→ **Work task**: Below are entries. Give back exactly the lines from the one containing "BUSINESS 公式サイト:https://business.jcom.co.jp/ |" through the one containing "ノータックの細身のシルエット", inclusive, without the pictures.
====== Source data ======
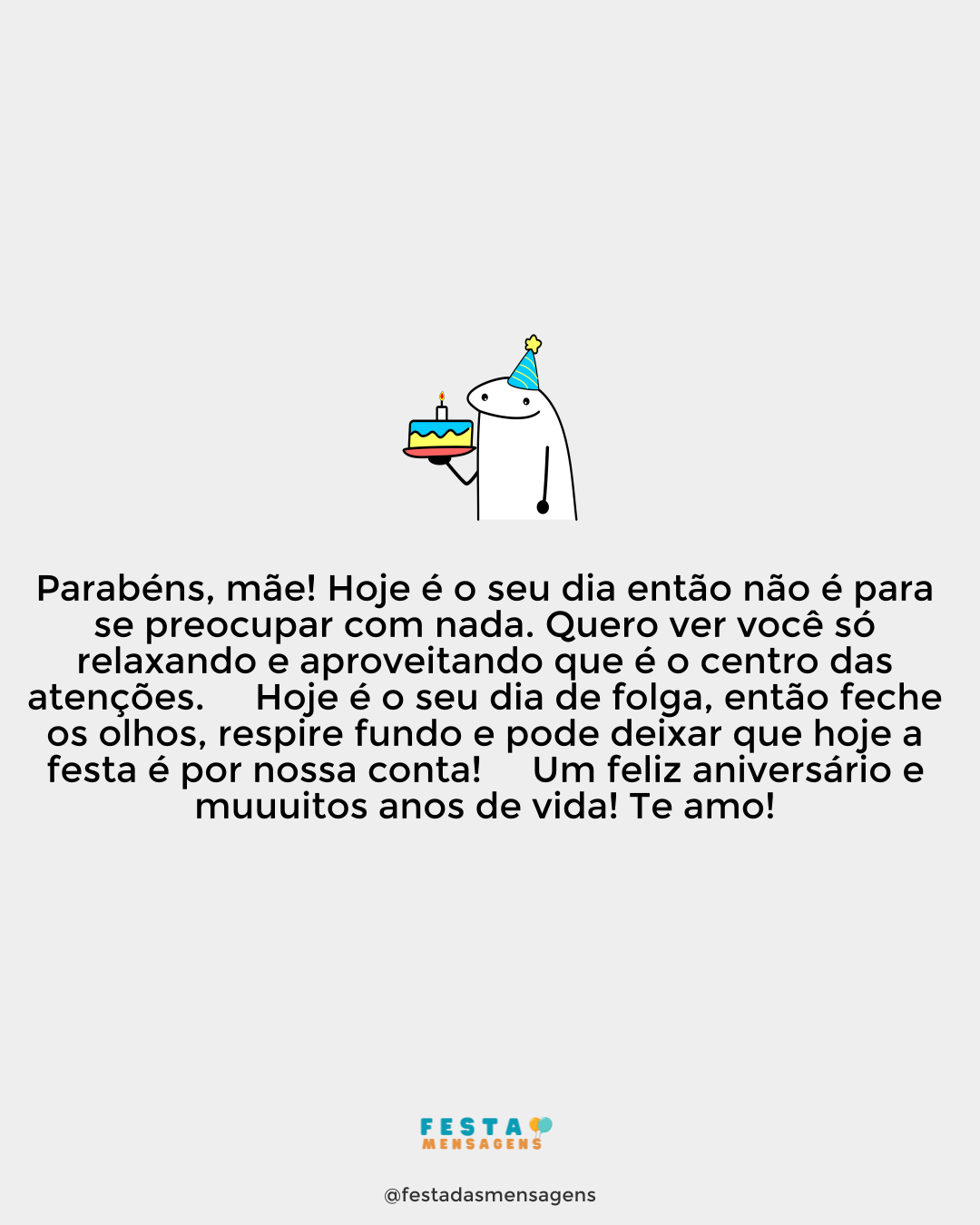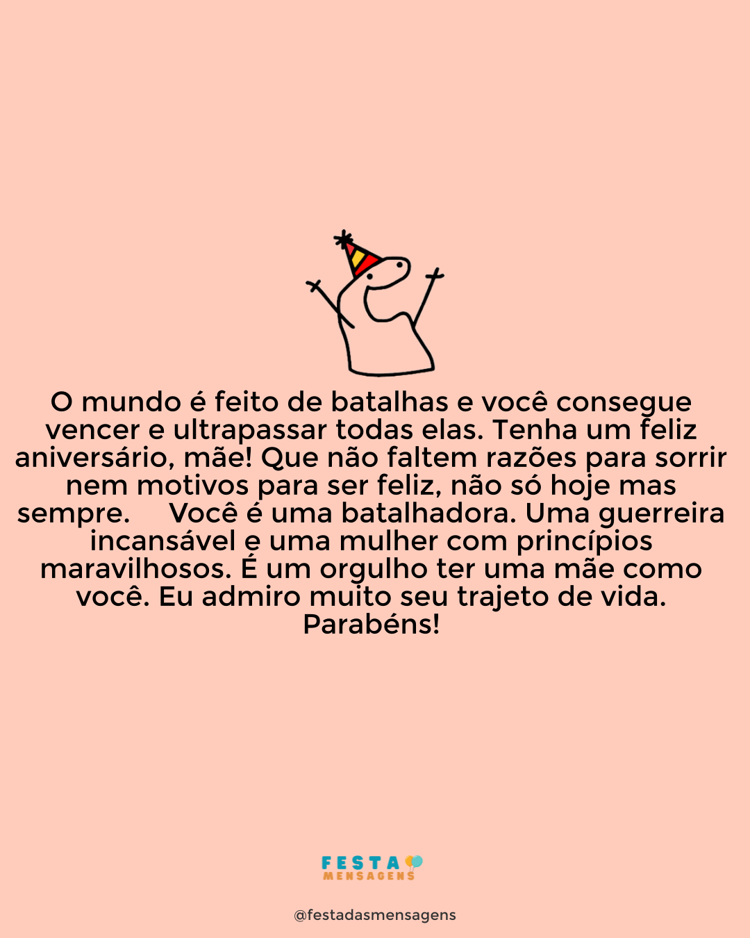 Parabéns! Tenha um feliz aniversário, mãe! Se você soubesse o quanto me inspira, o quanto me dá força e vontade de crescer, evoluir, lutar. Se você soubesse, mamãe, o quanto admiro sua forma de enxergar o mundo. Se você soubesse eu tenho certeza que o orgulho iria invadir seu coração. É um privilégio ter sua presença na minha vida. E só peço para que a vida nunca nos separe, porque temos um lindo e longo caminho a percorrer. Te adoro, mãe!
======
====== Source data ======
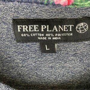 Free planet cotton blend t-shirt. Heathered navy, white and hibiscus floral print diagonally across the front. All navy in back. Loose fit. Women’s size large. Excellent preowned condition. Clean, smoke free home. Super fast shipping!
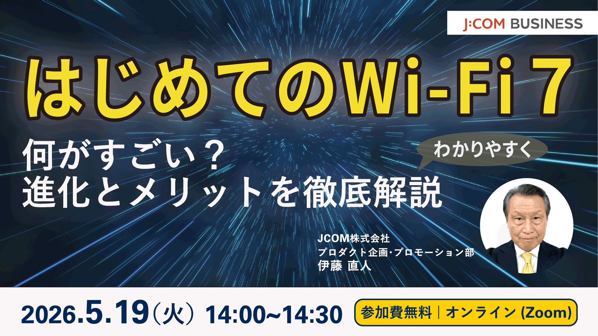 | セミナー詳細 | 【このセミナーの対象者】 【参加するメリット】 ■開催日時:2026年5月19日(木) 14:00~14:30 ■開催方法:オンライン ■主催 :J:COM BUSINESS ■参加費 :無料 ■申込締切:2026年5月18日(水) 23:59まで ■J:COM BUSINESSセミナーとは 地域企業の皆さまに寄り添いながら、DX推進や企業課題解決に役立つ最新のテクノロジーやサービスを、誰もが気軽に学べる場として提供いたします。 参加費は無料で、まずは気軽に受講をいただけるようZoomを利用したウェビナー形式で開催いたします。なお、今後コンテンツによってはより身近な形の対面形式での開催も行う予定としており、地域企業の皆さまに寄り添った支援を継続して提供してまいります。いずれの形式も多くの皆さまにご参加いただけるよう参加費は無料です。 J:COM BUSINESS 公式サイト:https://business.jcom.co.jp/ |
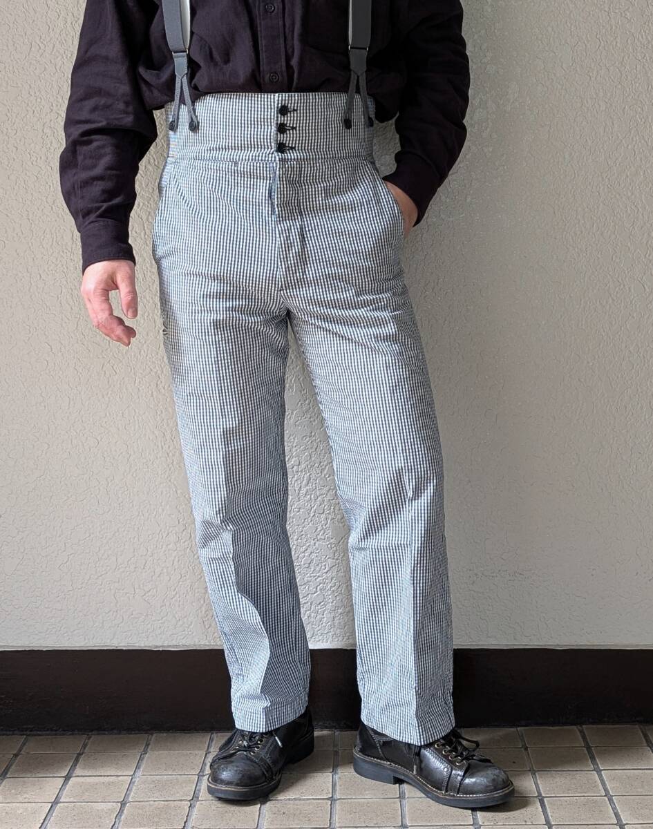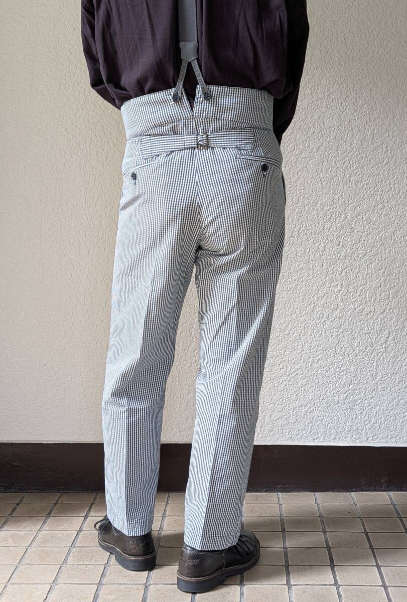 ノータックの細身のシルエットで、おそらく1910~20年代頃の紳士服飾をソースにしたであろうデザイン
======
→ **Final answer**:
 | セミナー詳細 | 【このセミナーの対象者】 【参加するメリット】 ■開催日時:2026年5月19日(木) 14:00~14:30 ■開催方法:オンライン ■主催 :J:COM BUSINESS ■参加費 :無料 ■申込締切:2026年5月18日(水) 23:59まで ■J:COM BUSINESSセミナーとは 地域企業の皆さまに寄り添いながら、DX推進や企業課題解決に役立つ最新のテクノロジーやサービスを、誰もが気軽に学べる場として提供いたします。 参加費は無料で、まずは気軽に受講をいただけるようZoomを利用したウェビナー形式で開催いたします。なお、今後コンテンツによってはより身近な形の対面形式での開催も行う予定としており、地域企業の皆さまに寄り添った支援を継続して提供してまいります。いずれの形式も多くの皆さまにご参加いただけるよう参加費は無料です。 J:COM BUSINESS 公式サイト:https://business.jcom.co.jp/ |
 ノータックの細身のシルエットで、おそらく1910~20年代頃の紳士服飾をソースにしたであろうデザイン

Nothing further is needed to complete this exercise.